• PROBLEM REQUIREMENTS
Which lines belong in your copy? Those from the start of the data through the line with "часов, фонарик |", exactly as written, without any pictures.

• SUPPLIED MATERIAL
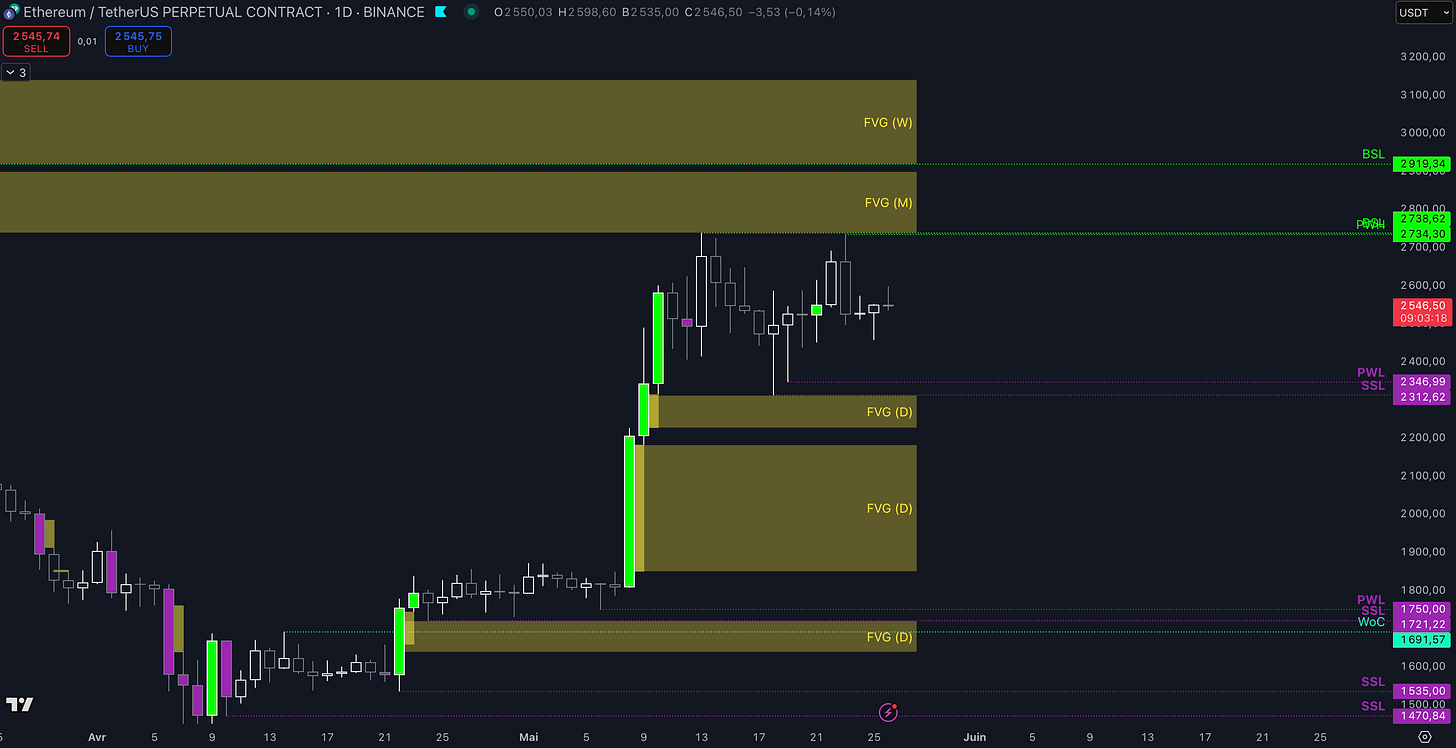 Tant que le Fair Value Gap (FVG) entre 2.312 $ et 2.229 $ est maintenu, c’est-à-dire qu’aucune clôture daily inférieure n’est validée, alors la dynamique restera haussière et les objectifs seront :
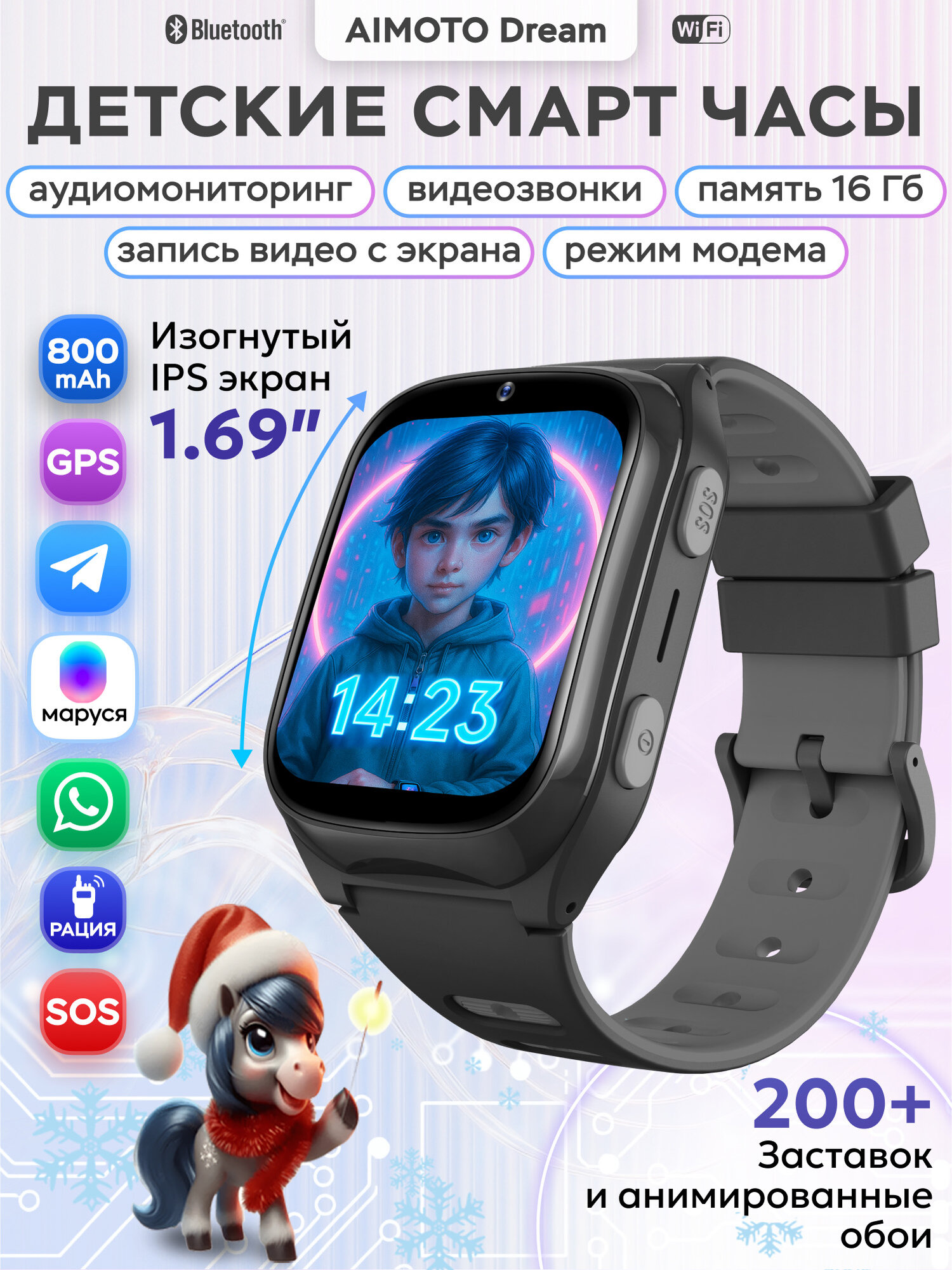 | Особенности | воспроизведение аудио, магнитная зарядка, поиск часов, фонарик |
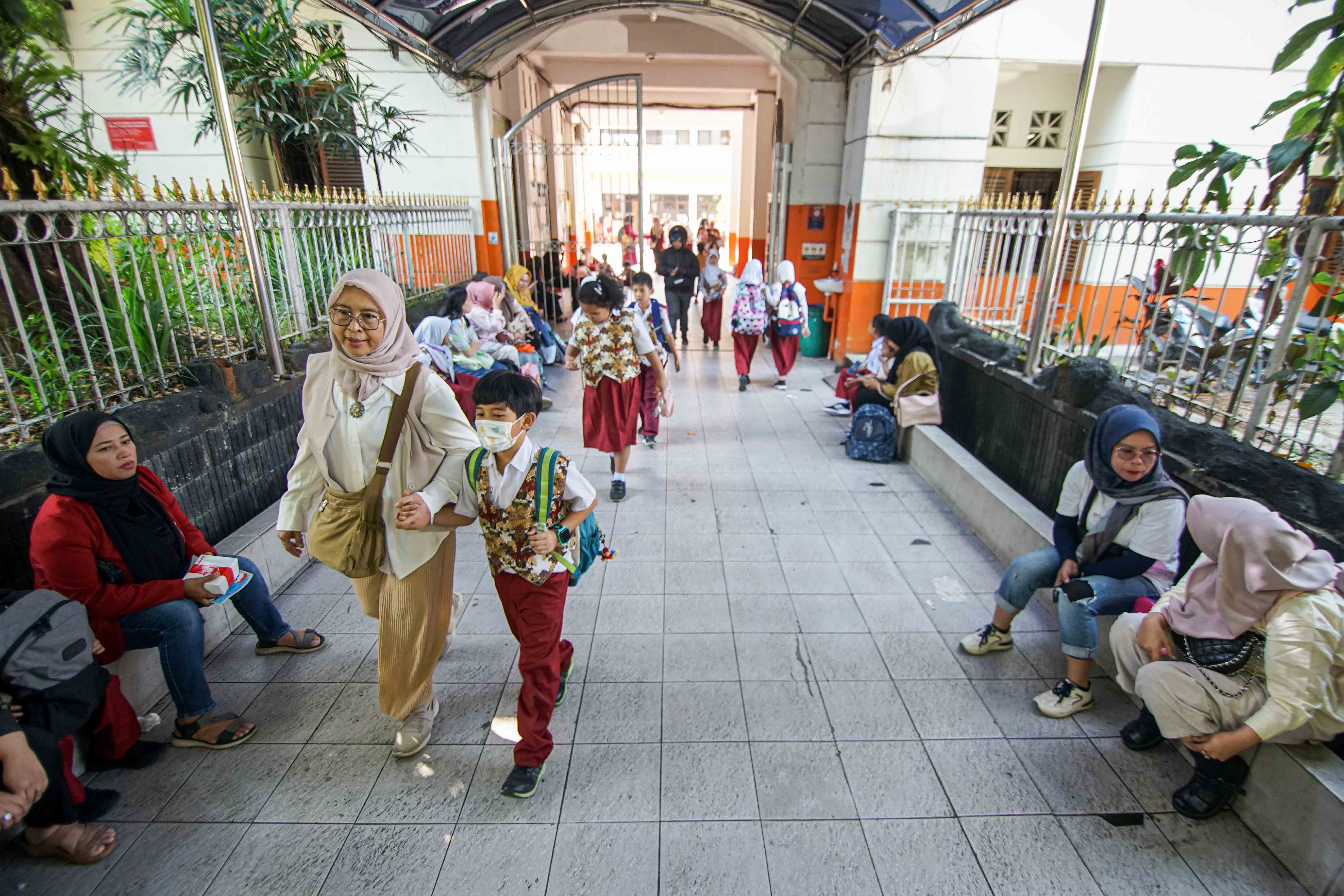 Orangtua siswa menjemput anaknya di SDN 113 Banjarsari, Jalan Merdeka, Kota Bandung, Senin (15/7/2024). PHOTOSSPEAK/Rasyad Yahdiyan

• RESPONSE TO THE EXERCISE
 Tant que le Fair Value Gap (FVG) entre 2.312 $ et 2.229 $ est maintenu, c’est-à-dire qu’aucune clôture daily inférieure n’est validée, alors la dynamique restera haussière et les objectifs seront :
 | Особенности | воспроизведение аудио, магнитная зарядка, поиск часов, фонарик |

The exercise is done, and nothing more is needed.